講演情報

[1Yin-A-49]Tensor Brain: Structured Probabilistic Modeling for Neural Population Activity with Tensor Networks

〇Yunyu Huang1, Fujia Wu1, Dairui Chen1, Xiaowei Gu4, Zhe Sun2,3, Chao LI2 (1. Graduate School of Health Data Science, Juntendo University, 2. Faculty of Health Data Science, Juntendo University, 3. Graduate School of Medicine, Juntendo University, 4. RIKEN Center for Brain Science)

キーワード:

Probabilistic modeling、Generative models、Tensor networks、Neural population activity、Time-series modeling

Probabilistic modeling of neural population activity requires representing the high-dimensional joint distribution of coordinated spike trains across neurons and time. However, the combinatorial growth of the joint state space makes direct modeling computationally intractable. We propose Tensor Brain (TB), a tensor-network-based probabilistic framework that factorizes the full joint distribution into structured tensor contractions. TB enables scalable joint modeling without introducing latent variables and supports exact likelihood evaluation.

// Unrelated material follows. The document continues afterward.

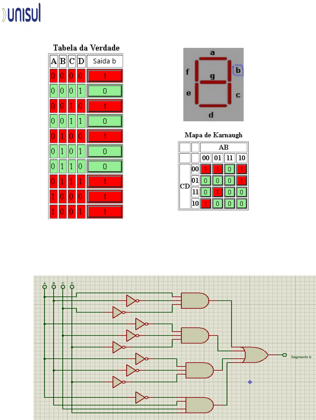 A partir da implementação da saída a do decodificador para display de 7 segmentos, você deve escolher um outro segmento e implementar a saída relativa do decodificador. Poste um documento contendo a t

To ensure numerical stability in long tensor contractions, we derive a scaled contraction scheme and optimize core tensors under unitary constraints on the Stiefel manifold. Experiments on synthetic data, calcium imaging recordings, and the MC_Maze dataset show that TB accurately captures spike-count statistics, pairwise correlations, and temporal dependencies. These results demonstrate that TB provides a scalable and principled framework for modeling large-scale neural population activity.